Fred Snowden

Biographical details
- Born: c. 1936 Brewton, Alabama, U.S.
- Died: January 17, 1994 Washington, D.C., U.S.

Playing career
- 1954–1958: Wayne State (MI)

Coaching career (HC unless noted)
- 1967–1972: Michigan (assistant)
- 1972–1982: Arizona

Head coaching record
- Overall: 167–108

Accomplishments and honors

Championships
- WAC regular season (1976)

Awards
- WAC Coach of the Year (1973)

= Fred Snowden =

American collegiate basketball coach and businessman

Frederick Snowden (c. 1936 - January 17, 1994) was an American businessman and men's basketball coach at the University of Arizona. Nicknamed "The Fox" for his cool demeanor, he was the first African-American head coach at a major university. Following his coaching career Snowden became an executive with Baskin-Robbins and the Food 4 Less foundation.

==Background==
Snowden was born in Brewton, Alabama, the son of a sharecropper. At age 6 he moved to Detroit, Michigan with his mother and two brothers while his father remained in Alabama. He graduated from Detroit's Northwestern High School. Snowden met his wife, Maya, at Wayne State University and was married in 1962. The couple had two children: a son, Charles Anthony, and a daughter, Stacey Shannon.
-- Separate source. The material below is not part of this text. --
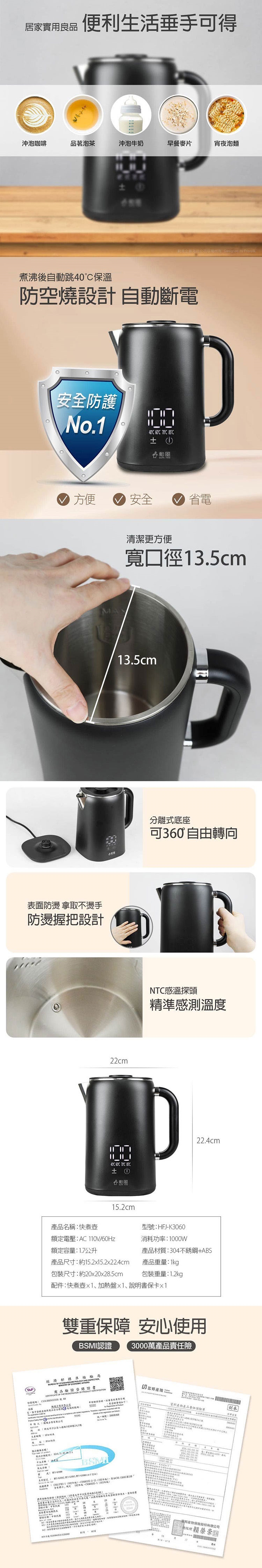 ◎ 防乾燒設計,高溫熔斷保護

Following college, Snowden worked as a basketball coach at his old high school. During his five-year tenure, the school's junior varsity team compiled a record of 90 wins to no losses while the varsity squad had a record of 87 wins and 7 losses. Snowden then worked as a sportscaster on local radio and television before becoming an assistant coach at the University of Michigan under Dave Strack and Johnny Orr.

==University of Arizona==
In 1972, Snowden became the first African-American head basketball coach at a major university and the second black head coach at a Division I school, following Willie Williams, who was hired by the University of Arizona as head Track and Field coach in 1969 ], when he was hired at the University of Arizona in Tucson. The year before Snowden's arrival, Arizona was and drew about 1,000 fans to each game. In his first year as head coach, the Wildcats were and average attendance increased to 5,000; following the opening of McKale Center, up to 14,000 attended home games. Following his first season, he was also named Western Athletic Conference (WAC) Coach of the Year, Tucson's Man of the Year, and hosted two television shows. Under Snowden's tutelage, the Arizona program continued to succeed for several years, making the NCAA tournament twice, reaching their first ever regional final with the Elite Eight in 1976 (the Wildcats would not return to the round for twelve years).

Arizona's success under Snowden faded following their move to the Pacific-10 Conference in 1978, with his final three seasons resulting in losing records. In January 1982, he announced his resignation, effective at the end of the season. At the time of the announcement there were allegations that he had been involved with the improper use of a university slush fund, a charge that Snowden denied. A later NCAA investigation found no evidence Snowden had acted improperly. He was inducted into the University of Arizona hall of fame in 1988.

==Post-coaching career==
Following the end of his coaching career, Snowden became a management consultant and operated his own business. In 1985 he was hired by Baskin-Robbins as vice president overseeing the company's National Metropolitan Franchise Expansion Program. Snowden later left Baskin-Robbins and became executive director of the Food 4 Less foundation.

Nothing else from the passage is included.